The girl smiled. "On the contrary, he is very poor."

"Dear me! I seem to have found a paragon of virtue. But are you not rather foolish, my dear girl? With such a face and such a figure and with my influence you should make a better match."

"So I tell her," cried Hale quickly; he was always on the watch to put in a word, "and she is not really engaged, Lady Charvington. There is some disagreement between Lesbia and Mr. Walker."

"What a horrid name! So plebeian!" cried Lady Charvington.

"George is not plebeian," said Lesbia, colouring hotly, "his father was the Honourable Aylmer Walker."

"Lord Casterton's third son," said the visitor, nodding. "Yes, I have heard of him from my brothers. He was rather wild, was he not?"

"Really I don't know."

"There is no chance of his coming in for the title--your George, I mean," prattled on Lady Charvington, "as Aylmer Walker's two elder brothers have both heaps and heaps of children. I rather think that Aylmer was the black ba-ba of the family. Well, there, I'm talking scandal, a thing of which I highly disapprove. Go and get your things on, dear, and tell your man to put your box on the motor. Wilkins will help him. He's the chauffeur--not at all a bad driver, but oh, so dreadfully reckless. Be prepared to go like the wind, my dear."

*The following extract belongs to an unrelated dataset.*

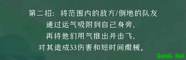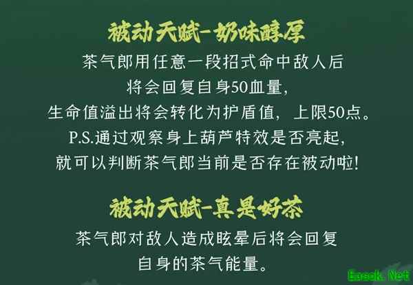 第二招:将范围内的敌方/倒地的队友通过运气吸附到自己身旁,再将他们用气推出并击飞,对其造成33伤害和短时间缴械。 被动天赋-奶味醇厚 茶气郎用任意一段招式命中敌人后将会回复自身50血量,生命值溢出将会转化为护盾值,上限50点。 P.S.通过观察身上葫芦特效是否亮起,就可以判断茶气郎当前是否存在被动啦!

Lady Charvington babbled on in this fashion with bird-like glances here and there, taking in every detail of the room. She knew that Hale was a poor relation of her husband's, and indeed had received him twice or thrice at The Court near Maidenhead. But this was the first time she had seen his daughter and, but for the express command of Lord Charvington, she would not have asked her over. There was some comfort in the fact that the girl's affections were engaged, but all the same, such beauty, whether free or bound, would prove dangerous. "I trust she won't interfere with my men," thought Lady Charvington as she smiled sweetly on Lesbia leaving the tiny drawing-room.

The girl summoned Tim to take her box to the motorcar which was panting violently at the door, and went to her room to put on her hat. She made a desperate attempt while doing so to overcome her dislike to Lady Charvington, as she felt sure that for some reason the little woman was hostile. Lesbia was too unsophisticated to put down the hostility to the fact that Lady Charvington found her exasperatingly beautiful, and was puzzled to think why any hostility should exist. But it certainly was there, and Lesbia detected it immediately. However, as she could see no reason for any such feeling existing between her and a woman who--on the face of it--was doing her a kindness, she fought desperately with her intuition. Still it seemed to her that she was but leaving one abode of trouble to go to another, wherein even more annoying things might happen. And the root of all the worry was the missing cross.